> EXERCISE PROMPT: In your copy, leave out the pictures; write out all the data exactly.

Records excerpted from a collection
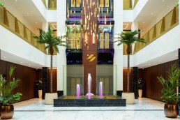 A dynamic staircase leads to the upper levels, where weddings take centre stage. Suspended above is a bespoke chandelier of glass petals, again by Chantelle Lighting, a floral interpretation of modern grandeur. The Royal Suite, the largest of the event spaces, orients around a stage for the bride and groom, and can host hundreds of guests. Its walls are lined with illuminated fabric panels that can shift in colour or display graphics, allowing the space to flex between traditional ceremonies and contemporary corporate functions. Smaller suites on higher floors echo this adaptability, positioning the Pyramid as a multi-purpose venue for weddings, banquets and business events alike.
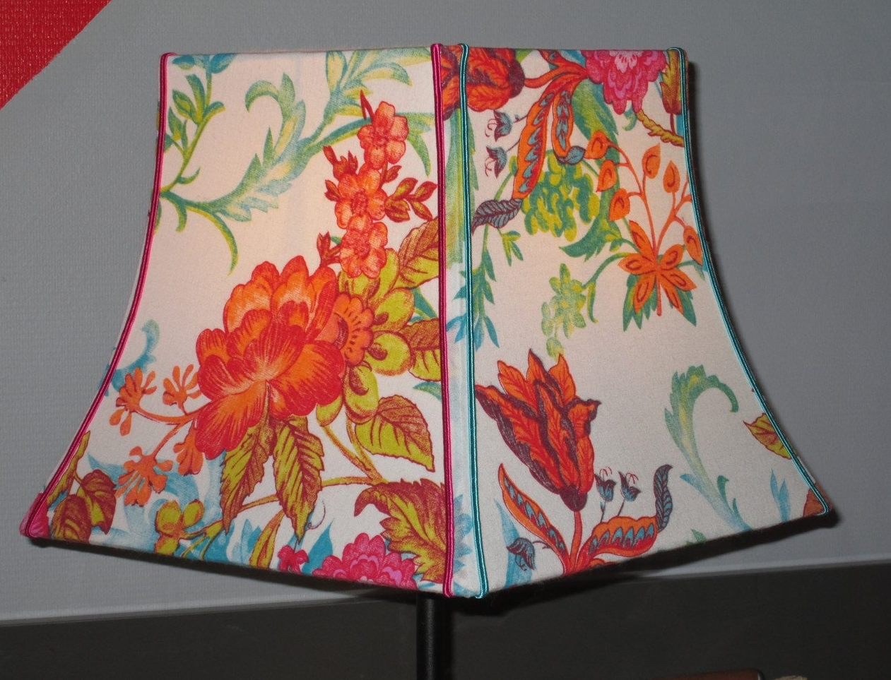 Abat-jour cheminée, coton changé pour une soie sauvage orange
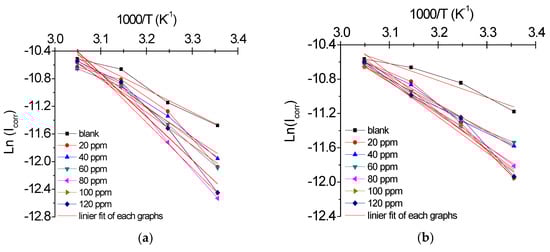 Graphs of the activation energy (Ea) determination (Ln(Icorr) towards the 1000/T) subsequent to the addition of IL1 (a) and IL2 (b) in various concentrations.
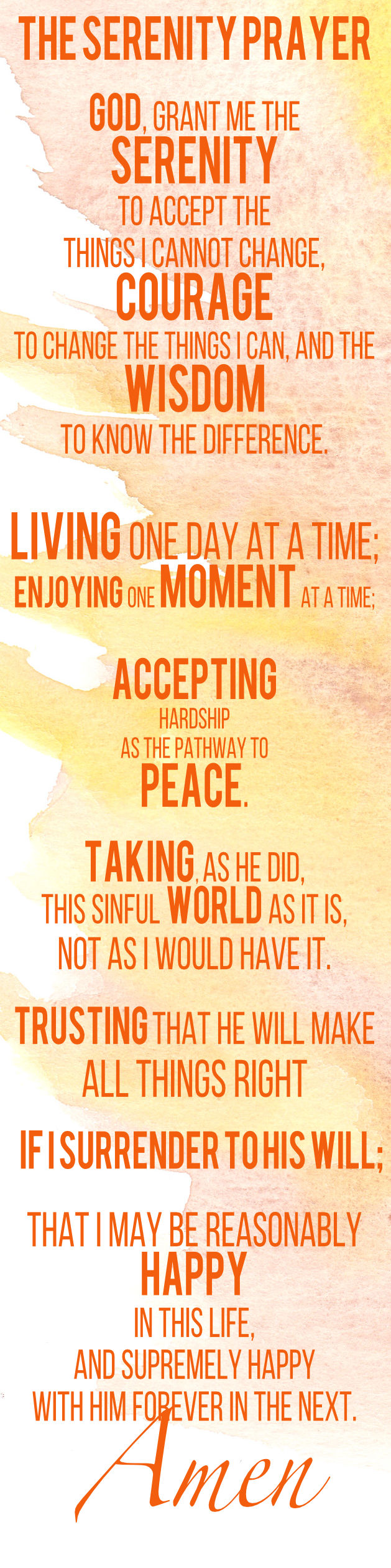 “Almighty God, our Heavenly Father, give us Serenity to accept what cannot be changed, Courage to change what should be changed, and Wisdom to know the one from the other; through Jesus Christ, our Lord.”
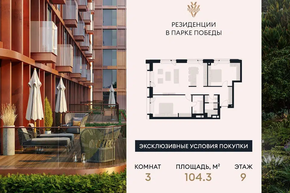 Купить трехкомнатную квартиру в новостройке в Москве у метро Парк Победы
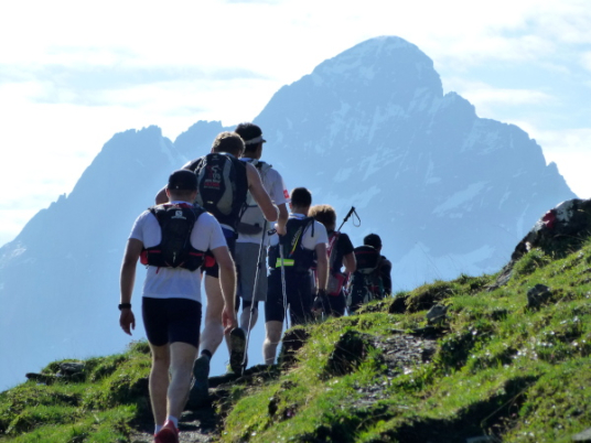 Das Plateau des First kommt in Sicht. Ich frage mich nur, wie wir die dazwischen liegende Steilwand bewältigen sollen. Erst beim Näherkommen weiß ich: Es gibt einen Weg, auch wenn er zunächst primär nur durch die bunten Punkte auszumachen ist, die sich langsam darauf fortbewegen. Und dieser Weg führt mitten hindurch. Ein steiler felsiger Pfad windet sich, zum Glück im Schatten, in Spitzkehren den Abhang hinauf. Tief schnaufend schleppe ich mich nach oben. Am Rande des Plateaus werden wir schon mit Anfeuerungsrufen begrüßt.

> SOLUTION FOR THIS TASK:
 A dynamic staircase leads to the upper levels, where weddings take centre stage. Suspended above is a bespoke chandelier of glass petals, again by Chantelle Lighting, a floral interpretation of modern grandeur. The Royal Suite, the largest of the event spaces, orients around a stage for the bride and groom, and can host hundreds of guests. Its walls are lined with illuminated fabric panels that can shift in colour or display graphics, allowing the space to flex between traditional ceremonies and contemporary corporate functions. Smaller suites on higher floors echo this adaptability, positioning the Pyramid as a multi-purpose venue for weddings, banquets and business events alike.
 Abat-jour cheminée, coton changé pour une soie sauvage orange
 Graphs of the activation energy (Ea) determination (Ln(Icorr) towards the 1000/T) subsequent to the addition of IL1 (a) and IL2 (b) in various concentrations.
 “Almighty God, our Heavenly Father, give us Serenity to accept what cannot be changed, Courage to change what should be changed, and Wisdom to know the one from the other; through Jesus Christ, our Lord.”
 Купить трехкомнатную квартиру в новостройке в Москве у метро Парк Победы
 Das Plateau des First kommt in Sicht. Ich frage mich nur, wie wir die dazwischen liegende Steilwand bewältigen sollen. Erst beim Näherkommen weiß ich: Es gibt einen Weg, auch wenn er zunächst primär nur durch die bunten Punkte auszumachen ist, die sich langsam darauf fortbewegen. Und dieser Weg führt mitten hindurch. Ein steiler felsiger Pfad windet sich, zum Glück im Schatten, in Spitzkehren den Abhang hinauf. Tief schnaufend schleppe ich mich nach oben. Am Rande des Plateaus werden wir schon mit Anfeuerungsrufen begrüßt.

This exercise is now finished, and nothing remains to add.